Metadata-Version: 2.1
Name: text-categorization
Version: 0.1.2.dev4
Summary: Library for performing trends analysis via LLMs.
Home-page: UNKNOWN
Author: Google Inc. (gTech gPS CSE team)
Author-email: no-reply@google.com
License: Apache 2.0
Platform: UNKNOWN
Classifier: Programming Language :: Python :: 3 :: Only
Classifier: Programming Language :: Python :: 3.11
Classifier: Intended Audience :: Developers
Classifier: Topic :: Software Development :: Libraries :: Python Modules
Classifier: Operating System :: OS Independent
Classifier: License :: OSI Approved :: Apache Software License
Requires-Python: >3.10
Description-Content-Type: text/markdown

# Text Categorizer

## Problem statement

When analyzing texts of any nature (being search keywords and YouTube video
descriptions) it might be challenging to identify insights given unstructured
nature of such texts.

## Solution

`text-categorizer` uses power of large language models to perform categorization
at your texts - simply provide a couple of seed examples and `text-categorizer`
will do the rest.

## Deliverable (implementation)

`text-categorizer` is implemented as a:

* **library** - Use it in your projects with a help of `TextCategorizer` class.
* **CLI tool** - `text-categorizer` tool is available to be used in the terminal.
* **HTTP endpoint** - `text-categorizer` can be easily exposed as HTTP endpoint.
* **Langchain tool**  - integrated `text-categorizer` into your Langchain applications.

## Deployment

### Prerequisites

- Python 3.11+
- A GCP project with billing account attached
- [Service account](https://cloud.google.com/iam/docs/creating-managing-service-accounts#creating)
  created and [service account key](https://cloud.google.com/iam/docs/creating-managing-service-account-keys#creating)
  downloaded in order to write data to BigQuery.

  - Once you downloaded service account key export it as an environmental variable

    ```
    export GOOGLE_APPLICATION_CREDENTIALS=path/to/service_account.json
    ```

  - If authenticating via service account is not possible you can authenticate with the following command:
    ```
    gcloud auth application-default login
    ```
* [API key](https://support.google.com/googleapi/answer/6158862?hl=en) to access to access Google Gemini.
  - Once you created API key export it as an environmental variable

    ```
    export GOOGLE_API_KEY=<YOUR_API_KEY_HERE>
    ```


### Installation

Install `text-categorizer` with `pip install text-categorization` command.

### Usage

> This section is focused on using `text-categorizer` as a CLI tool.
> Check [library](docs/how-to-use-text-categorizer-as-a-library.md),
> [http endpoint](docs/how-to-use-text-categorizer-as-a-http-endpoint.md),
> [langchain tool](docs/how-to-use-text-categorizer-as-a-langchain-tool.md)
> sections to learn more.

Once `text-categorizer` is installed you can call it:

```
text-categorizer 'text1' 'text2' 'text3' \
  --examples path/to/examples.txt \
  --llm gemini \
  --llm.model=gemini-1.5-flash \
  --output-type csv \
  --output-destination sample_results
```
where:

* `'text1' 'text2' 'text3'` - texts that needed to be categorized,
*  `--examples path/to/examples.txt` - path to examples (each line of the file
   should be formatted as *text* - *category*, i.e. *dog - pet*).
*  `--llm gemini` - type of large language model (currently only Google Gemini is supported)
*  `--llm.model=gemini-1.5-flash` - any parameters to initialize selected LLM
* `--output-type csv` - type of output
* `--output-destination sample_results` - name of output table or file.

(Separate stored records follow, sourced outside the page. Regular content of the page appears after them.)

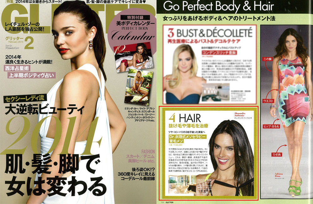 『GLITTER』2月号、「進化する美容医療でどこまでも美しく」にて、抜け毛や薄毛の治療として衣理クリニック表参道の「Dr.衣理式メソセラピー(育毛メソ)」をご紹介頂きました。是非、ご覧くださいませ。
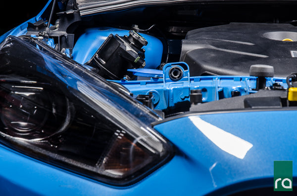 This kit is for the 2013+ Ford Focus ST and Ford Focus RS. It is designed to replace the plastic coolant tank found at the front right of the engine bay. It maintains the same function as the OEM coolant tank while providing an additional 160mL of fluid volume.
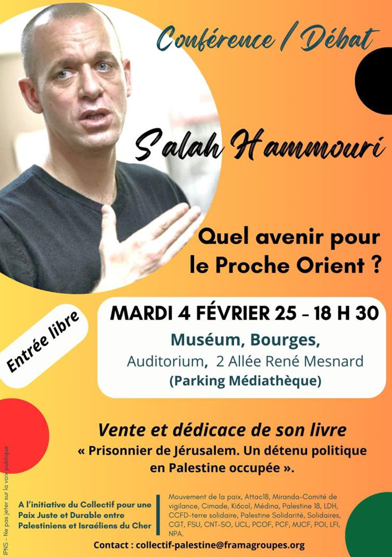 Le collectif du Cher Pour une paix juste et durable organise une conférence avec Salah Hammouri
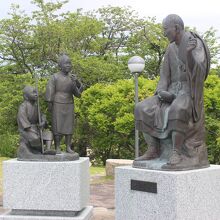 展望広場には良寛と子供たちの銅像や様々な石碑がありました。
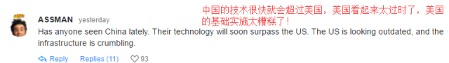 同样的,美国人当中也不乏“愤青”。其中有人评价道:过去的30多年间,美国忙于在全球打仗,支持恐怖主义,为“跟随美国”的政权撒钱,忙于争论是否该有性病疫苗,忙于争论学校是否该有男女混用卫生间。这时候中国在干嘛?他们忙于投资自己的教育、制造业和基础设施。
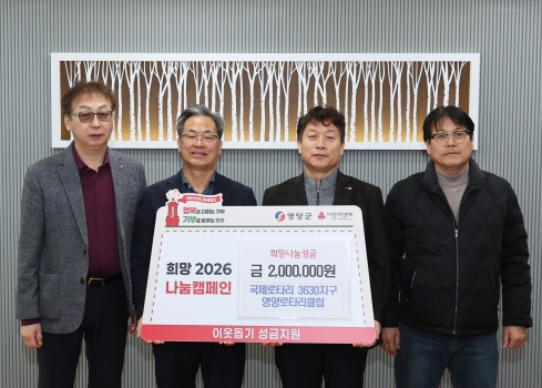 국제로타리 3630지구 영양로타리클럽(회장 황영호)은 1월 26일 「희망2026나눔캠페인」에 동참해 지역의 어려운 이웃을 돕기 위한 성금 200만원을 영양군청에 전달했다.
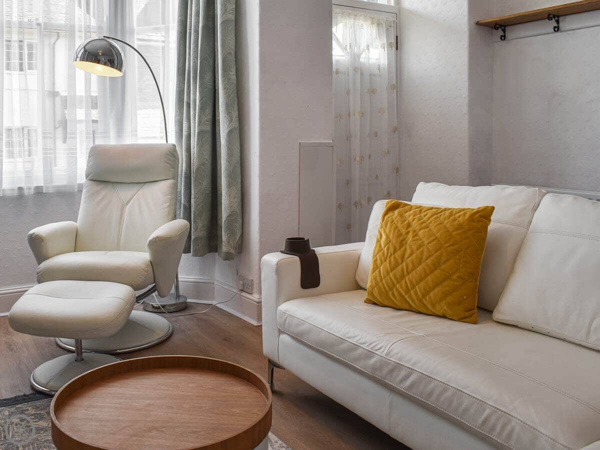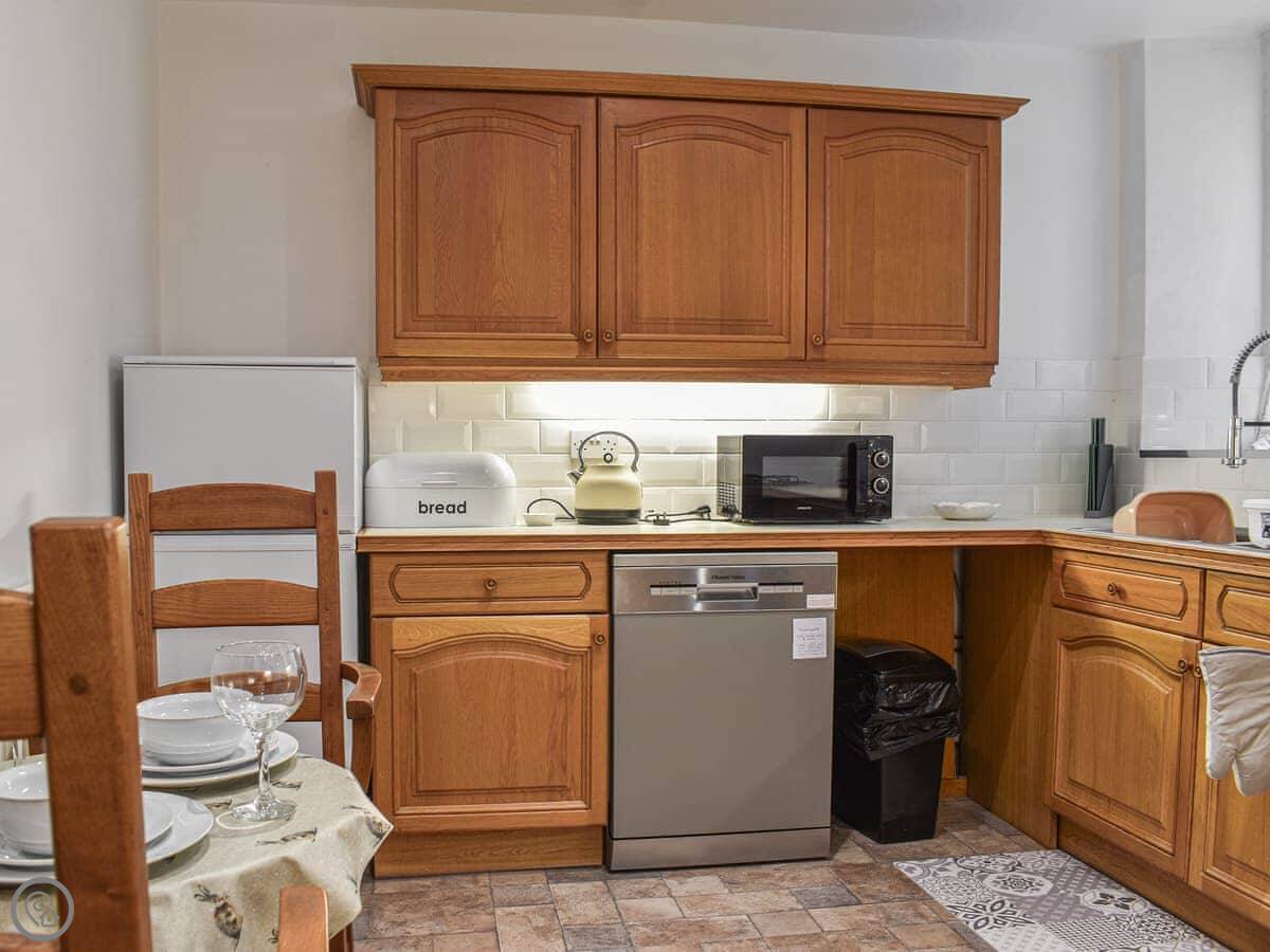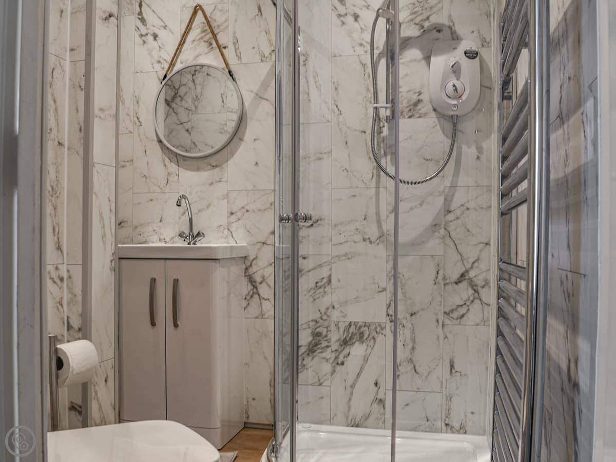 It's set over three floors. You come in on the middle floor to the living room. The kitchen is downstairs, which some people find odd, but it works. It's got everything you need. There's a bathroom on that floor too, with a bath and shower. Two bedrooms and another bathroom with a walk-in shower are upstairs.
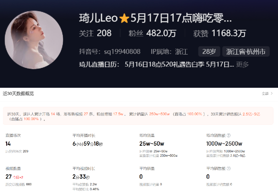 琦儿Leo抖音主页及最近带货数据,图/抖音APP、蝉妈妈数据
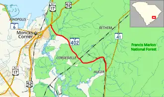 SC 402 is a two-lane rural road that begins at U.S. Route 52 (US 52) and U.S. Route 17 Alternate (US 17 Alt.) near Moncks Corner; per the South Carolina Department of Transportation, SC 402 ends at the pair of U.S. Highways though signage on US 52/US 17 Alt direct travelers "to" SC 402.[1][2] From there, it goes east, through Cordesville and by the Huger Recreational Area. At Huger, it ends at SC 41. Because it traverses mostly in or along Francis Marion National Forest, majority of the route is forested.[2]
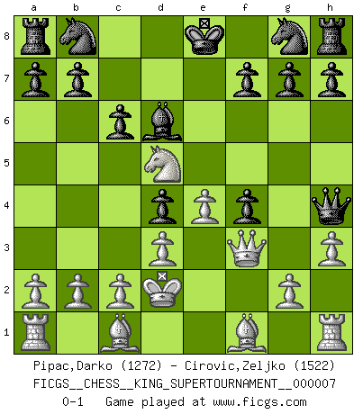 Last move : 0-1 2020 May 27 10:36:40 [Event "FICGS__CHESS__KING_SUPERTOURNAMENT__000007"] [Site "FICGS"] [Date "2020.04.16"] [Round "1"] [White "Pipac,Darko"] [Black "Cirovic,Zeljko"] [Result "0-1"] [WhiteElo "1272"] [BlackElo "1522"] 1.e4 e5 2.f4 exf4 3.Nf3 d5 4.d3 Bg4 5.h3 Bxf3 6.Qxf3 Qh4+ 7.Kd2 Bd6 8.Nc3 d4 9.Nd5 c6 0-1 This chess game has been lost on time (started : 2020.04.16 16:9:28) KGA : Abbazia defense (Classical defense, Modern defense!) Player Black won this chess game. Follow this game move after move (download)Adequate compensation for a sacrifice is having a sound combination leading to a winning position; adequate compensation for a blunder is having your opponent snatch defeat from the jaws of victory. (Bruce A. Moon) Es liegt in der Natur, vernüftig zu denken und unlogisch zu handeln. (Anatole France) Una mala movida nulifica cuarenta buenas. (Horowitz) Le profane ne songe pas à la somme de jouissance dont il se prive, qui méconnaît ce jeu aux ressources aussi variées que passionnantes. (Jean-Marie Jeanton-Lamarche) Two beer, or not two beer. (Unknown)
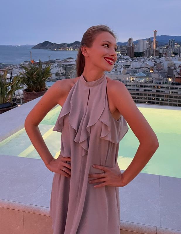 Літня сукня вільного крою. На зріст 175 закінчується до коліна. Дуже гарно відкриває плечі і руки, для дівчат з невеликим бюстом - додасть необхідний обʼєм у грудях. Має підкладку, не просвічує. У разі необхідності приховає нюанси фігури за рахунок вільного крою сукні
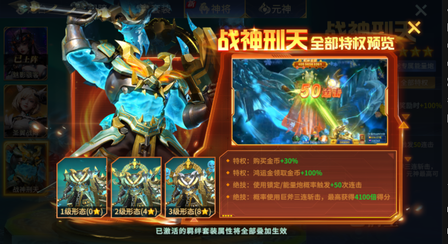 战神刑天是趣玩捕鱼出场的第二位神将。

`--examples` - might also come from BigQuery - simply pass full table name
  (project.dataset.table) as an example (Table should contains two columns -
  *text* and *category*).

Instead of passing texts as a parameters to `text-categorizer` you can provide
`--remote-texts` flag - it will accept a full table name in BigQuery. You can combine
passing texts and `--remote-texts` (Table should contain a column named *text*) .

## Disclaimer
This is not an officially supported Google product.